She disposes of the spent match in a makeshift ashtray that's cluttered with pebbles collected from the garden as well as the remains of crumpled cigarette butts. Some of the filters are blotted with rings of lipstick and tacky gloss. Others are not. Eileen isn't the only one who smokes at the dinner table, though Gabriel might never know it judging by how quiet the rest of the house is. "If you have your abilities back, then you hardly need me to help you track Teo down." Or Case, for that matter. "But you might be able to use this."

This being the slim cellular phone she produces from the same pocket the matchbook originated. She slides it across the table's polished wooden surface to him. "He watches my movements sometimes."

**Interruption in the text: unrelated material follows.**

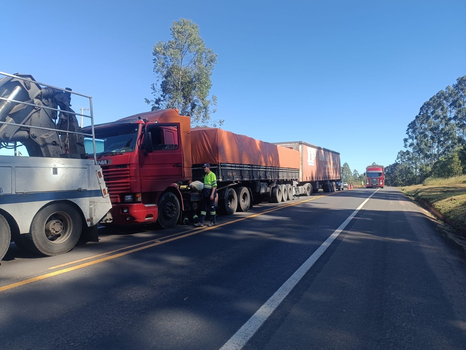 Um engavetamento envolvendo cinco veículos foi registrado no final da manhã desta terça-feira (8) na PR-151, no quilômetro 192+500 metros, no trecho entre os municípios de Jaguariaíva e Sengés, região dos Campos Gerais do Paraná. A ocorrência foi atendida pela Polícia Rodoviária Estadual. De acordo com o boletim, o acidente ocorreu por volta das 11h30, quando um caminhão Scania 142, com placas de Arapoti, acoplado a um semirreboque da marca Randon, apresentou problemas mecânicos e parou na pista. Os veículos que trafegavam no mesmo sentido — um caminhão Mercedes-Benz Axor 2041, um semirreboque Rodofort SSR, ambos com placas do estado de São Paulo, e um automóvel Volkswagen Santana, de Araucária (PR) — acabaram colidindo na sequência, provocando um engavetamento. O único ferido foi o condutor do Santana, um homem de 45 anos, que sofreu ferimentos leves e foi atendido no local. Os demais motoristas não se feriram. O acidente causou danos nos veículos envolvidos, especialmente no automóvel e nos semirreboques, e mobilizou equipes policiais entre as 12h45 e 14h05, período em que o tráfego no trecho foi parcialmente comprometido. A Polícia Rodoviária Estadual orienta os motoristas sobre a importância da manutenção preventiva, especialmente em veículos de carga, para evitar situações semelhantes nas rodovias.

There's a pause, Gabriel's eyebrows twitching up when it comes to that simple solution, and a hand goes out to touch the tips of his fingers against the phone before gathering it up into his palm. "Thank you," he says, lacking the tone of voice needed for those two words. His coat is a hanging by the door, so for now he sets the phone back down in front of him— absently spins it against the smooth surface of the table with a boy's fidgeting gesture.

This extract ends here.